- Occupation: Agronomist
- Awards: Fellow of the Learned Society of Wales (2020)

Academic background
- Alma mater: University of Oxford (MA and DPhil)
- Thesis: Non-intrusive social preference assessment in broiler chickens (2006)
- Doctoral advisor: Marian Dawkins

Academic work
- Discipline: Agronomy
- Sub-discipline: Pig farming
- Institutions: Queen's University, Belfast; University of Leeds; University of Surrey; ;

= Lisa Collins (agronomist) =

British agronomist

Lisa M. Collins is a British veterinary scientist and agronomist who specializes in pig farming. She has worked at Queen's University, Belfast, the University of Leeds, and the University of Surrey.
==Biography==
Lisa Collins studied at the University of Oxford, where she obtained a Master of Arts degree in biological sciences. She subsequently obtained a DPhil in zoology, with her Oxford doctoral research centering on the welfare of broiler stocking densities. Her doctoral dissertation Non-intrusive social preference assessment in broiler chickens was supervised by Marian Dawkins. She was a research fellow at the Royal Veterinary College.

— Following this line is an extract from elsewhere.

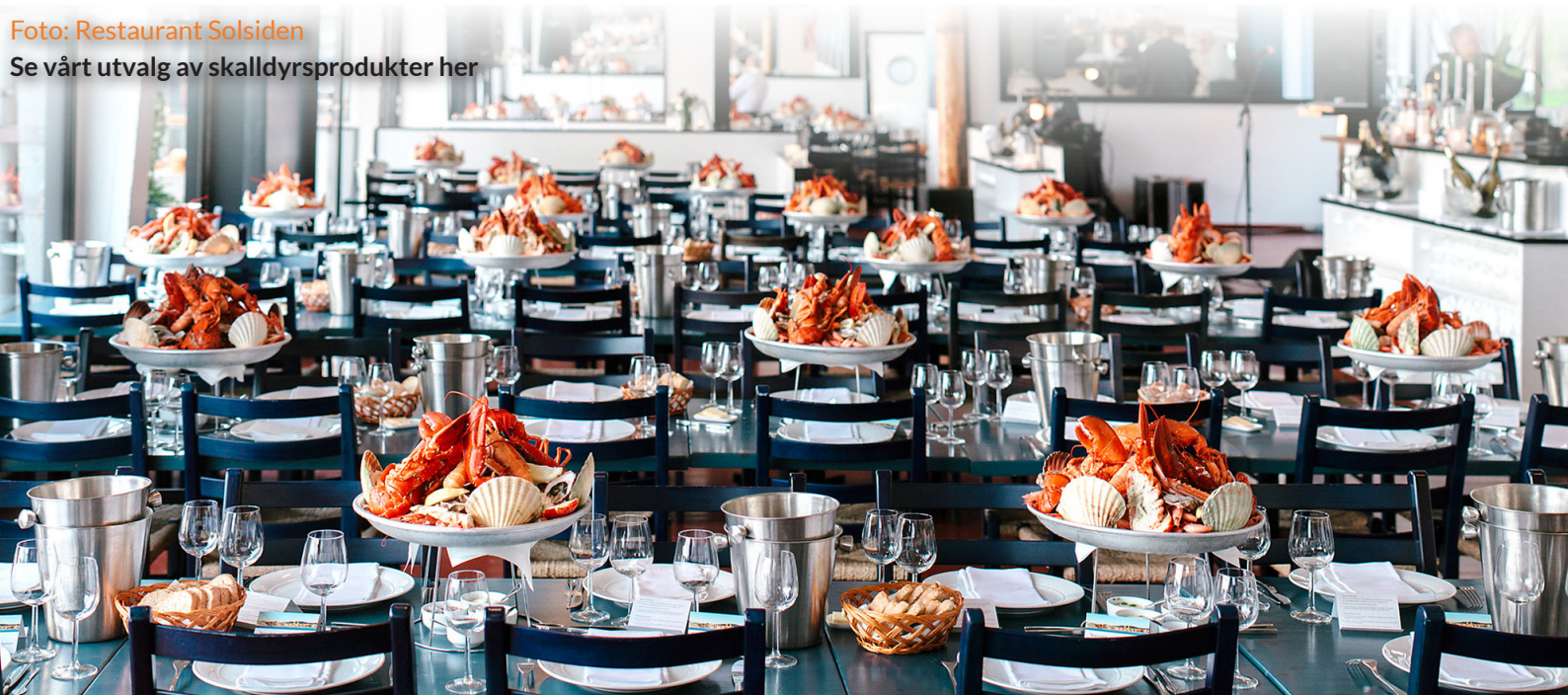
Se vårt utvalg av skaldyrsprodukter her

Collins worked at Queen's University, Belfast, where she was a lecturer in animal behaviour. She later moved to the University of Leeds, where she served as Professor of Animal Science and Pro-Dean for Research & Innovation. In 2023, she moved to University of Surrey to become Pro Vice Chancellor of Research and Innovation.

Collins researches technological agronomy and animal welfare, specifically pig farming. She researched smart agriculture during her time at Leeds, serving as principal investigator for the Global Food Security-funded PIGSustain project. She headed the Leeds' Smart Agri-Systems project to research sustainable smart agriculture to help pig farming navigate the future. She was president of the British Science Association Agriculture and Food Section in 2022. She was also Academic Director of the National Pig Centre and Director of Commercial Research for the Global Food and Environment Institute.

She was one of three co-winners of the 2011 Universities Federation for Animal Welfare Young Animal Welfare Scientist of the Year. She won the 2014 British Science Association Charles Darwin Award. She was appointed Fellow of the Learned Society of Wales in 2020. She is also a Fellow of the Royal Society of Biology and Fellow of the Royal Statistical Society.